Woher ich das weiß: eigene Erfahrung

Immer weiter dran bleiben. Heilung ist nie linear stetig nach oben, es gibt immer mal wieder Auf und Abs. Das ist ganz normal. Nutze die Tiefschläge um aus ihnen zu lernen und das nächste Mal besser darauf vorbereitet zu sein.

Meiner Erfahrung nach ist das beste es "einfach" rauszulassen. Das Problem direkt ansprechen, das Trauma. Du kämpfst ja dagegen an also bist du eine Kämpferin in einer Schlacht, da nützt es nichts mit dem Schwert im Boden rumzustochern - nein du musst die Klinge in den Feind rammen.
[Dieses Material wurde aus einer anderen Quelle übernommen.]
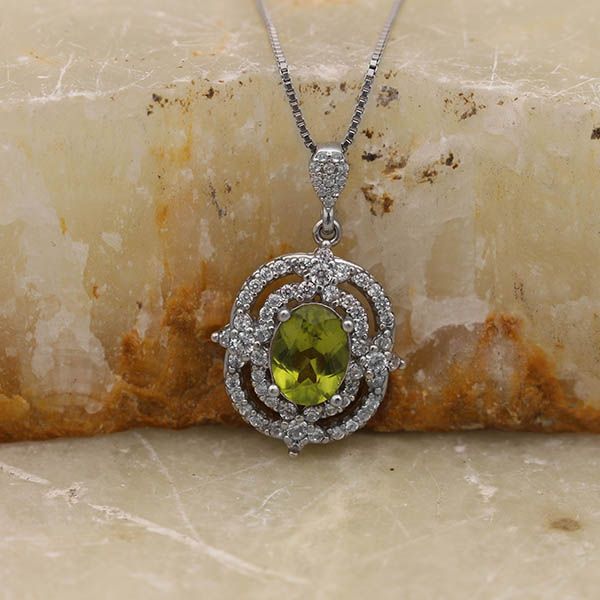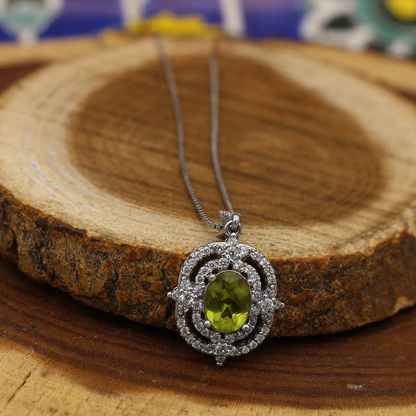 گردنبند زبرجد الماس تراش نقره زنانه طرح رز

Nicht zu lange drumherumlabern sondern immer direkt drauf. Aber es ist hart ich weiß

Woher ich das weiß: eigene Erfahrung

Hey, dass du in Behandlung bist und es eigentlich ganz gut läuft, ist doch sehr positiv. Und auch, dass du nicht mehr suizidal bist.

Du schreibst, du hast gleich mehrere schreckliche Dinge erlebt. Dann dauert es eben umso länger, dass du wieder in die Normalität zurückkehren kannst.

Ich finde, dass du auf deinen Fortschritt bis hierher schon sehr stolz sein kannst. Dir viel Kraft und alles Gute für deinen weiteren Weg. Bitte gib nicht auf, wenn's auch mal wieder schwieriger wird!

Vielen lieben Dank.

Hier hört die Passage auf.